Think it's awesome when I look at a clock and it reads the same numbers that my address starts with.

Whenever I go to the toilet on an airplane I worry that during the time I'm there the plane will drop out the sky.

pretend your on the phone talking to someone to make you look like you not a loner

when you hear "tartar sauce" you think that it's actually made from tartar -MATT

Feel really paranoid until my game score is a multiple of 5

When the wind is blowing like crazy, I pretend I am the god who controls it.

I sniff my finger after I scatch my bunghole lol

putting your hand in the water in the back of the toilet and thinking its gross toilet water and get grossed out

Make sure I put the deodorant top back on the correct way -- you know, so the sticker is to the front.

when you're texting in class and you realize you are staring at your crotch and smiling.

When you're out for a run, you pretend that someone is chasing after you so you run harder.

Eating chicken at KFC.

If I have to put the garbage out at night I sprint back into the house so the monsters don't get me

Sweet!
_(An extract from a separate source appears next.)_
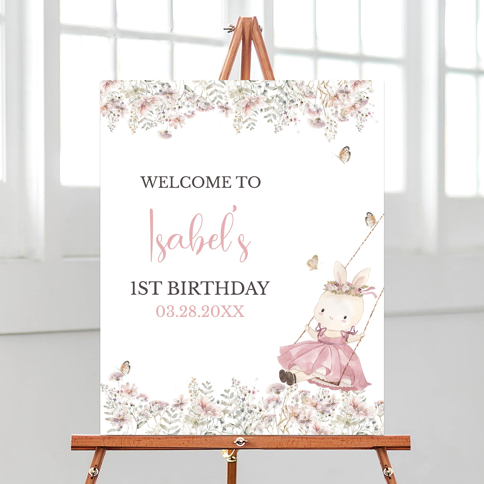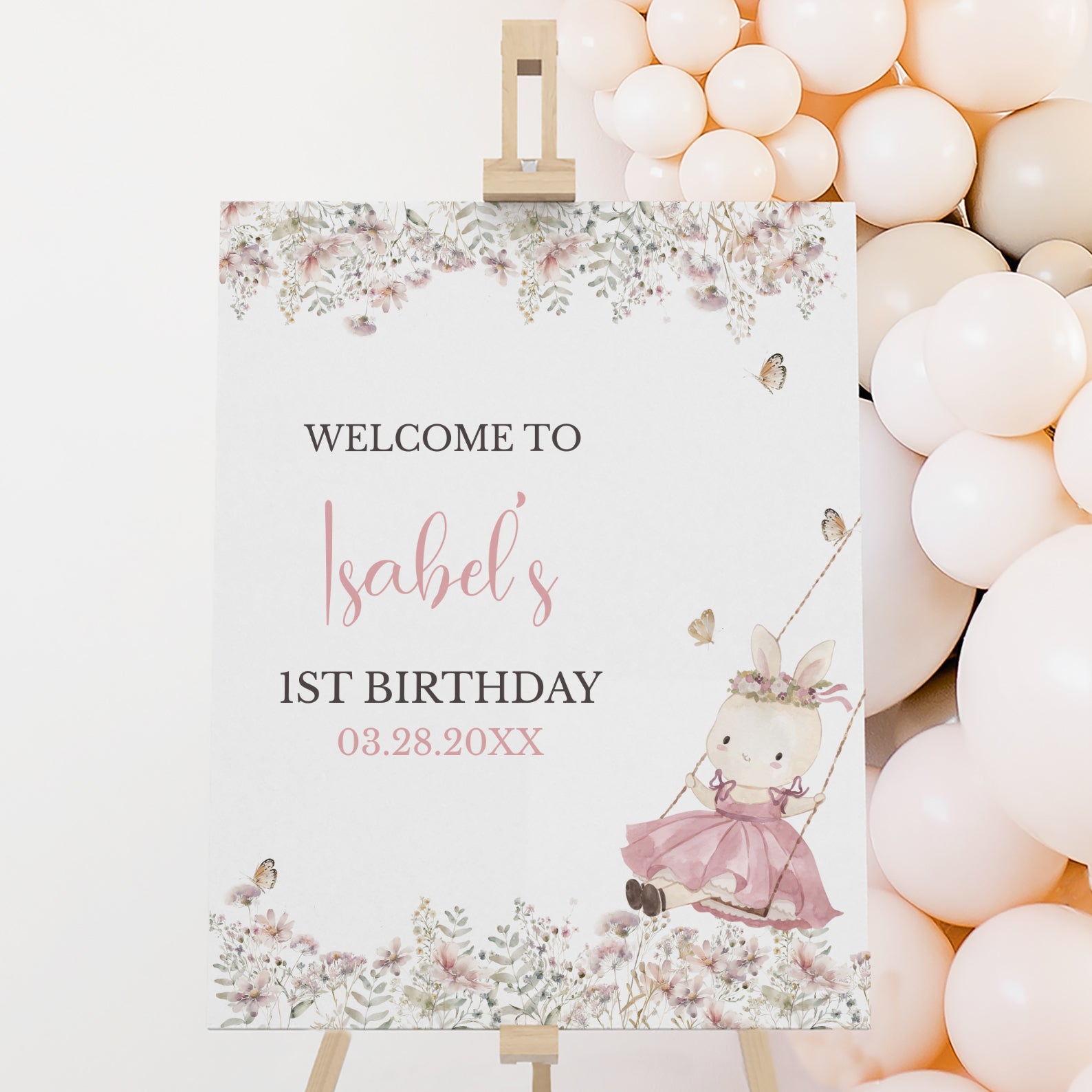 Welcome guests to a magical first birthday celebration with this charming spring-themed welcome sign! Designed in a soft pink palette, it features a whimsical bunny in a flowing pink dress, joyfully swinging amidst blooming florals and fluttering butterflies. This enchanting design sets the perfect tone for a delightful gathering, creating a warm and inviting atmosphere for friends and family. Celebrate your little one's special milestone with a touch of springtime magic!

I've just received my free minecraft giftcode! >> Minecraftcodes.info <<

I like to turn the lights off in the bathroom, actually block every little bit of light I possibly can, then take a nice warm shower, curl up on the floor, block my ears and enjoy the warm water and sensory deprivation.

When theres a sex scene in the movie I like to jack off to see if I would last as long as the man -deadpool (yogurt)

Sometimes when I go to a drive in restaurant, and get an order of fries, I empty the bag out, and there are a few fries in the bottom of the bag. I Enjoy those the most, as I feel they were free

on hot summer days when I exit the shower I only dry off my legs to the point where they aren't dripping but my leg hair is still wet.

I always thought Diane Ross sang '76 why don't ya babe, get out my life why don't ya babe'.

I used to drive home from my girlfriend's house late at night and stop on a stretch of road to take a leak. I'd walk backwards while peeing, creating a crooked line of pee in the road. I'd add to it night after night, then I'd drive by in the day to see my long pee stain in the road only I knew about. Anyone who passed by could see it, but only I knew what it was. It would last until the next rain and I'd have to start over.

Get excited when the captcha says something related to whatever you're posting

Only taking half a biscuit because it makes you feel bad and then taking another half of a different biscuit.

When in the shower dread putting the shower gel on you chest as it is freezing!!!

humiliating little girls

Things You Think Only You Do

A collection of things you think only you do. Go ahead and confess. You probably aren't the only one.